02:50 AM.
The rain over the Rust Yard didn't fall; it was driven sideways by a gale-force wind coming off the Toxic Sea. It hammered against the corrugated iron siding of the abandoned viaduct maintenance station, creating a deafening, rhythmic drumbeat.
We were huddled in the shadow of a massive, rusted billboard that read "BUY IMPERIAL WAR BONDS" in peeling red paint. The Centurion crouched in the dark, a tarp thrown over the cockpit to keep the worst of the deluge out.
Inside, it was cold. Not the damp chill of the sewer, but a sharp, biting cold that cut through layers of wool.
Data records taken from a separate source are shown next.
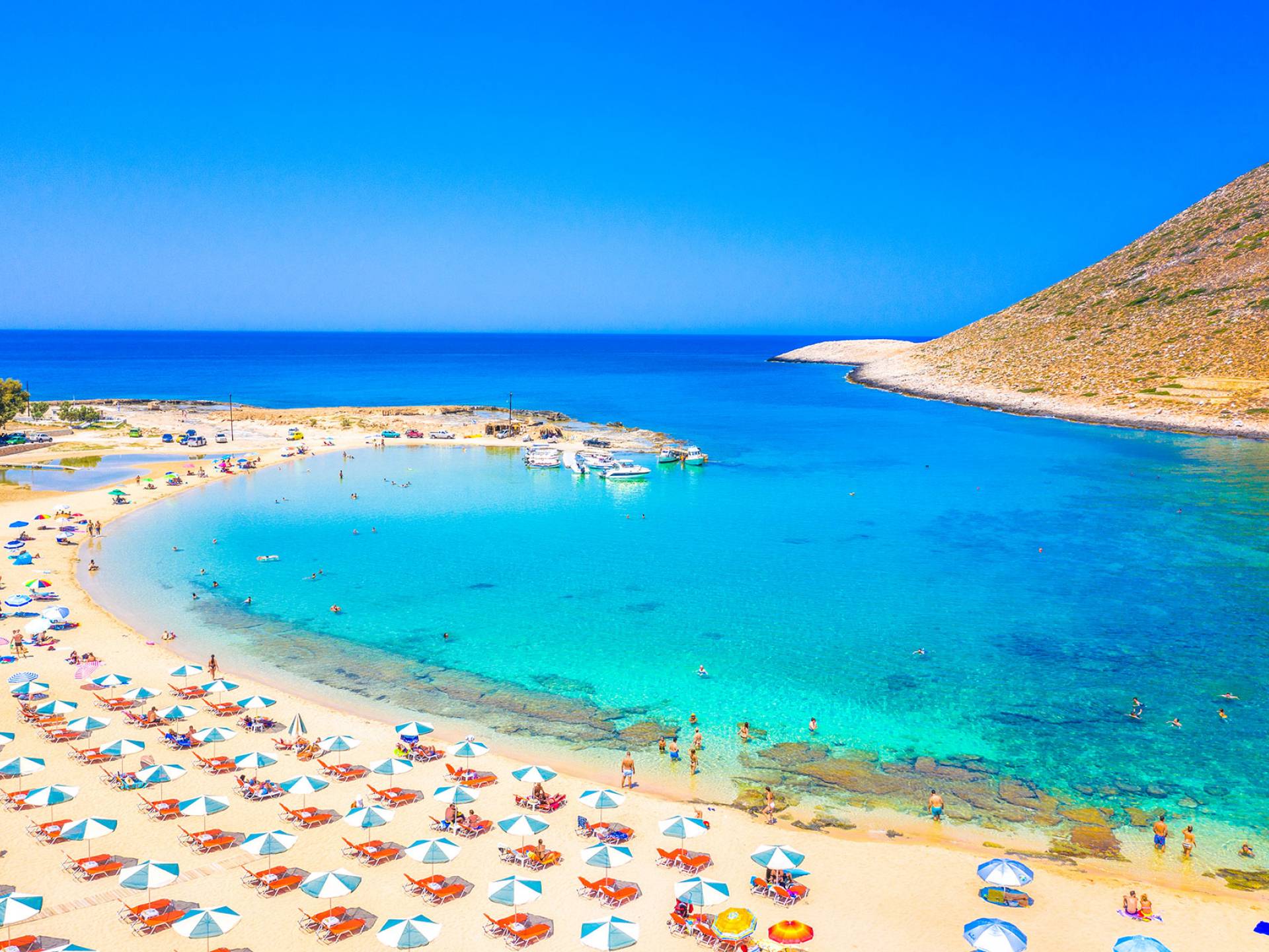 À seulement quelques minutes en voiture, la plage de Marathi offre une alternative tout aussi splendide avec une ambiance légèrement plus animée. Ses deux baies en forme de croissant sont protégées du vent, ce qui rend la mer calme et agréable toute l’année. C’est l’endroit parfait pour la baignade, le paddle ou des balades en bateau. Les tavernes au bord de l’eau y servent du poisson frais, des mezzés crétois et des vins locaux dans une atmosphère conviviale face à la baie de Souda.
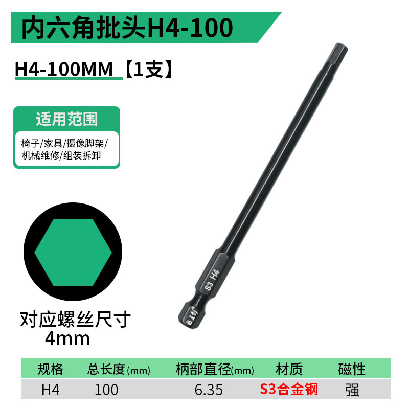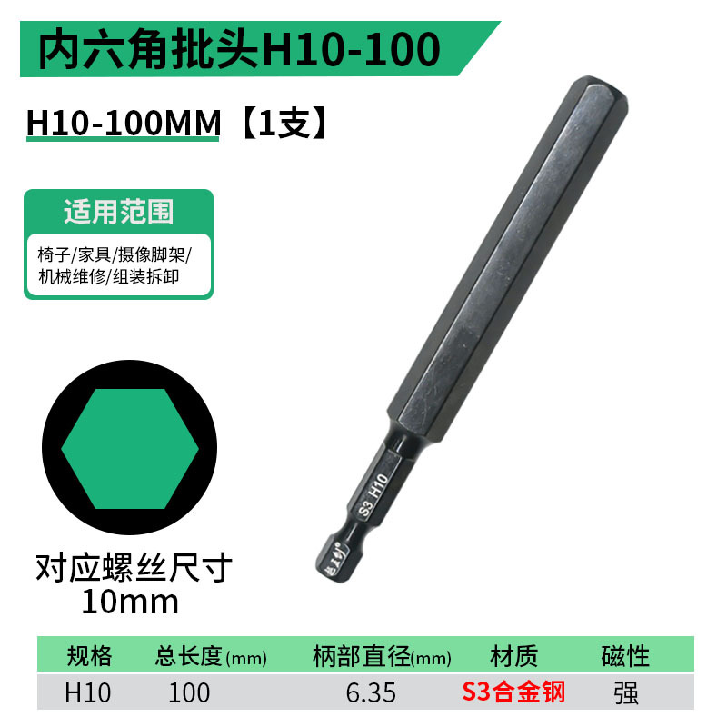 - 規格型號:內六角批頭【H10】100MM
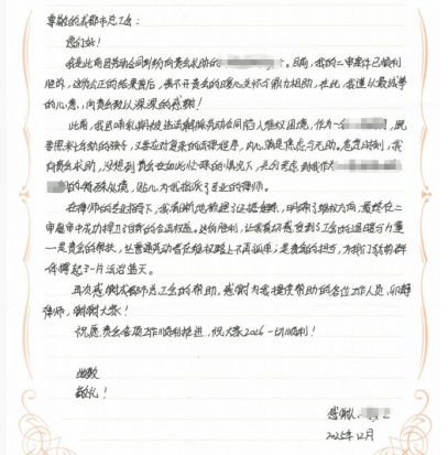“工會的幫扶,讓普通勞動者在維權路上不再孤單;工會的擔當,為我們弱勢群體撐起了一片法治藍天!”手寫信中,該位女職工如是真誠致謝。
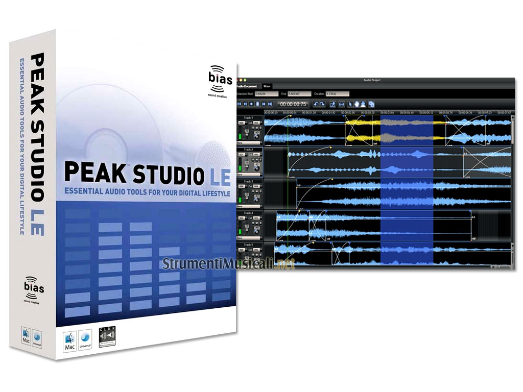 Peak Studio LE (lite edition) combina la potenza di editing audio di Peak LE 7 con strumenti software aggiuntivi per il restauro, l'analisi e l'elaborazione. Dalla registrazione audio stereo e l'archiviazione, l'editing di precisione dei campioni, la creazione di loop, sound design, podcasting, e CD mastering, Peak LE Studio offre molte funzionalità di base di Studio Peak - con un facile percorso di aggiornamento quando sei pronto per qualcosa di più.
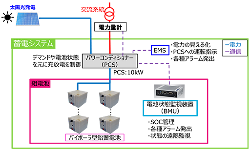 バイポーラ型鉛蓄電池と太陽光発電を連携した蓄電システムの実証実験を開始

"Temperature is dropping," I muttered, tapping the glass gauge on the dashboard. "Air density is high. The engine will run lean if I don't adjust the intake."
I reached out and tweaked a brass screw on the carburetor assembly. The idle of the V8 smoothed out, the deep thrum-thrum-thrum vibration resonating through the chassis.
"Julian," Amelia's voice was small over the howling wind.
I looked back. She was wrapped in three blankets, her hands clutching a thermos of coffee Silas had left us. She wasn't drinking it; she was just holding it, using the residual heat to stop her hands from shaking.
"I'm okay," she said before I could ask. "I'm just... I've never moved fast before. The fastest thing I've ever ridden was a donkey cart."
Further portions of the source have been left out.